A system with capitation for primary and employed specialists would be much better. No billing costs at all, no incentive for over treatment. This is called the Beveridge model wihich is used in Great Britain, Spain, most of Scandinavia, New Zealand. and Hong Kong. Very similar to the VA actually. Which despite the incessant whining of the slavish devotees to the free market works well. Not perfectly, but well.
36   HeadSet   2018 Jul 30, 12:59pm  

LeonDurham says
MrMagic says

So, Sarah Palin was right all along about Government run healthcare and Death Panels:


Nope--Sarah was wrong, of course. If you're looking to Palin for wisdom and education, then you're in deep trouble.


There is going to be "Death Panels" regardless of system. For example, more hearts needed than hearts available for transplant. Some sort of decision making body will do the triage. Those turned down for transplant will die. You can call this deciding body "Life Panel" if it makes you feel better, but that panel still decides who will die from lack of treatment.
37   MrMagic   2018 Jul 30, 1:02pm  

LeonDurham says
Every other government in the world has found a way to do it. Do you think Americans are dumber than citizens in every other 1st world county?

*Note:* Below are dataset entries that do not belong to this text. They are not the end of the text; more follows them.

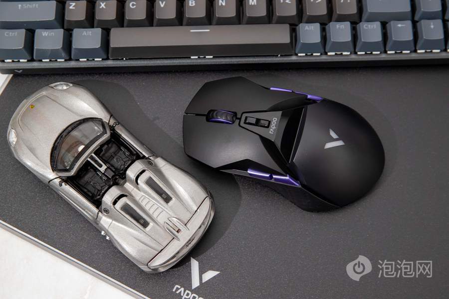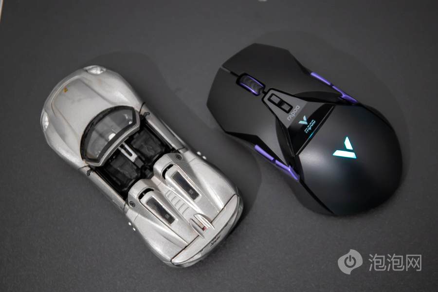 雷柏VT950 Pro屏显双模无线游戏鼠标采用了超跑的设计元素语言,在外观塑造上呈现了灵动的流线以及极具力量感的棱角组合,因此在外观方面显得非常具备有特色。而这款鼠标虽然采用到了超跑设计元素,但是其和此前我们评测的雷柏VT960 Pro屏显双模无线游戏鼠标所采用的大面积镂空设计却有所不同。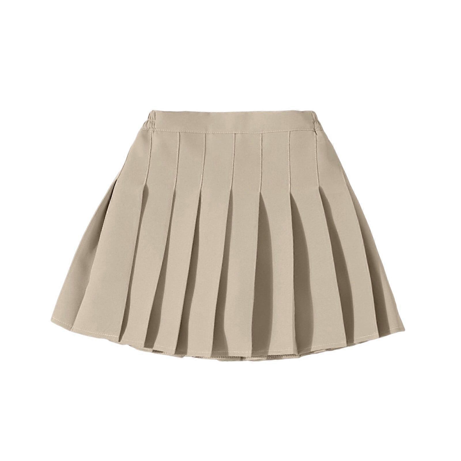Girls School Uniforms Skirts Solid Color Elastic High Waist A-Line Pleated Tennis Skirt Girl Casual Birthday Wedding Weekend Skorts,Khaki,5-6 Years
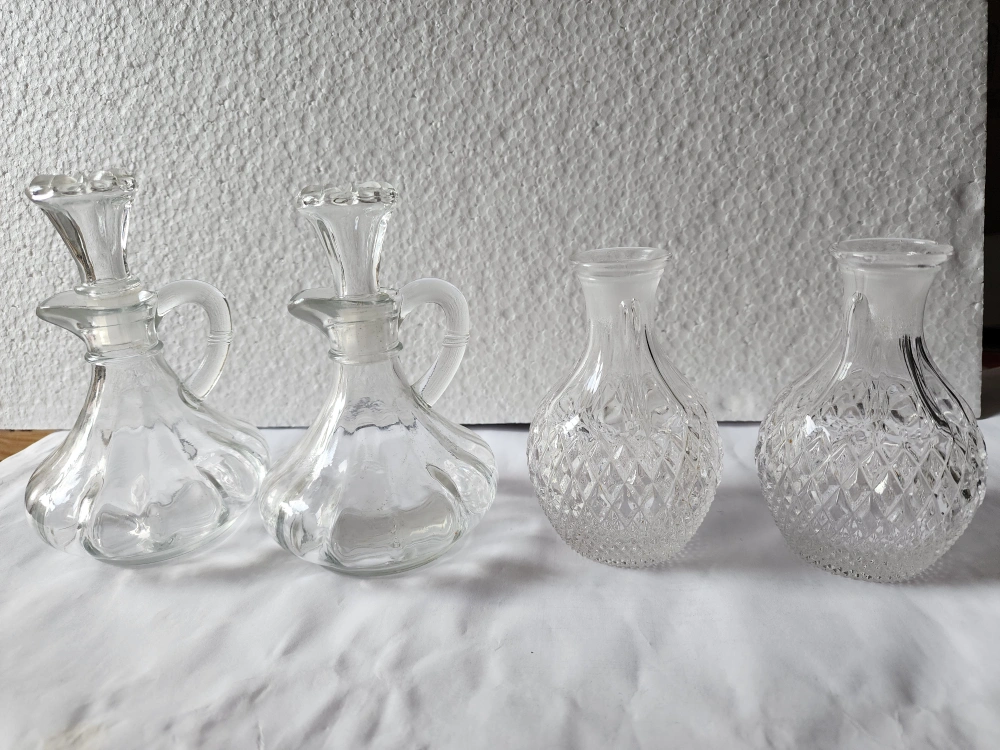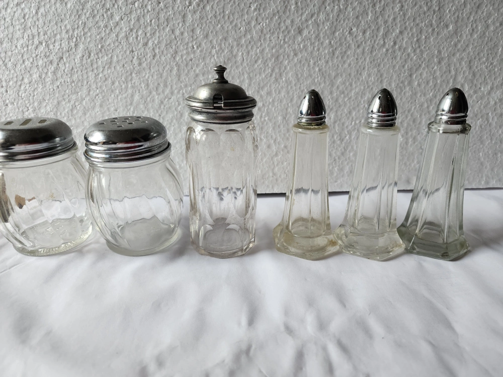97Set of vintage glass spice and condiment containers. Includes salt and pepper shakers, sugar bowl, and oil and vinegar cruets. Clear glass with various styles and designs. Perfect for adding a touch of vintage charm to your kitchen. $8 /pair BUYER HAS TO PICK UP CASH ONLY
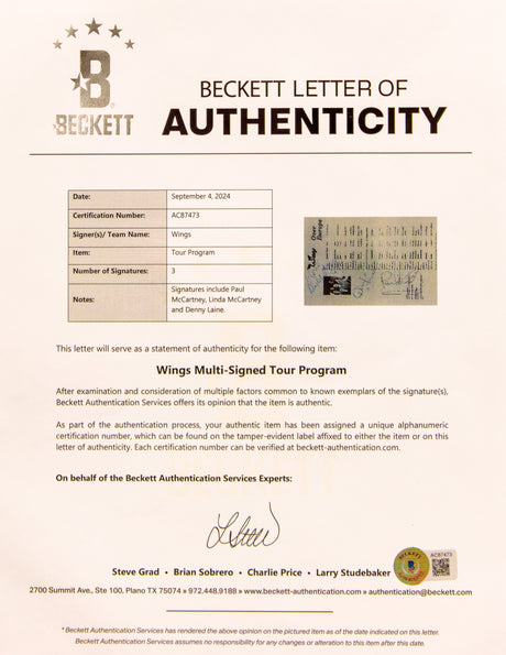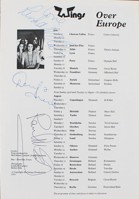 (3) Linda & Paul McCartney, Denny Lane Signed Wings Over Europe Tour Program BAS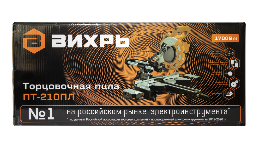 Торцовочная пила Вихрь ПТ-210ПЛ – это электроинструмент, который используется для поперечного распила заготовок и под углом. Применяется для работы с заготовками из дерева разных пород, а также композитных материалов. При использовании специальных дисков подходит для распила профилей и труб из пластика либо металла с малым сечением. Диаметр пильного диска составляет 210 мм, глубина пропила зависит от угла расположения заготовки.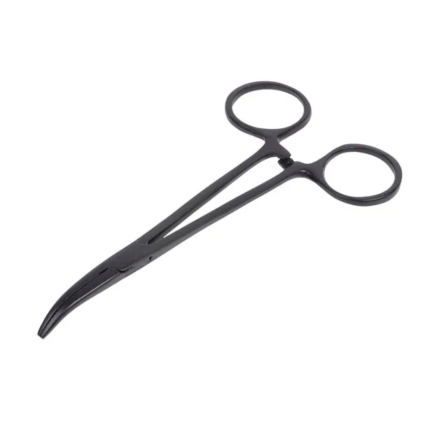 Tradycyjne, zakrzywione szczypce z ząbkowanym uchwytem. Wykonane ze stali nierdzewnej z czarnym wykończeniem.

Like Canada, is this a better model?


38   bob2356   2018 Jul 30, 1:04pm  

MrMagic says
Ever watch people eat at a FREE buffet line?


After all people all over the world that have FREE health care wake up every morning and rush down to their doctors because it's FREE Could i have a FREE colonoscopy twice today? ,please please. How about another FREE hemorrhoid surgery then?
39   MrMagic   2018 Jul 30, 1:08pm  

Heraclitusstudent says
Today doctors set the price as they see fit. In a single payer system, the government sets a reasonable price as they see fit.


I see you don't know much about how Medicare, Medicaid and private insurance companies bill, do you.

All insurance companies have "allowables" for all the major treatment they cover. Do you really think a doctor can submit a bill for a basic exam for a million dollars and get paid that amount from the insurance company?
40   MrMagic   2018 Jul 30, 1:13pm  

Speaking of that great Socialist, single payer system Canada has, that the Democrats think we should copy......

63,000 Canadians left the country for medical treatment last year.

A new report from the Fraser Institute estimates that more than 63,000 Canadians travelled abroad for medical care in 2016.

The think-tank says that's a nearly 40-per-cent increase over the previous year, and may be related to long wait times for medical procedures in Canada.

The institute asked the specialists to approximate the percentage of their patients who received non-emergency treatment outside of Canada in the previous 12 months. Based on that data, the institute estimates that 63,459 Canadians left the country for non-urgent medical care in 2016.

"If that many Canadians are willing to pay out of pocket to get faster access to the treatment they need, that means they are dissatisfied with the quality of care," said Yanick Labrie, a senior Fraser Institute fellow and one of the authors of the report.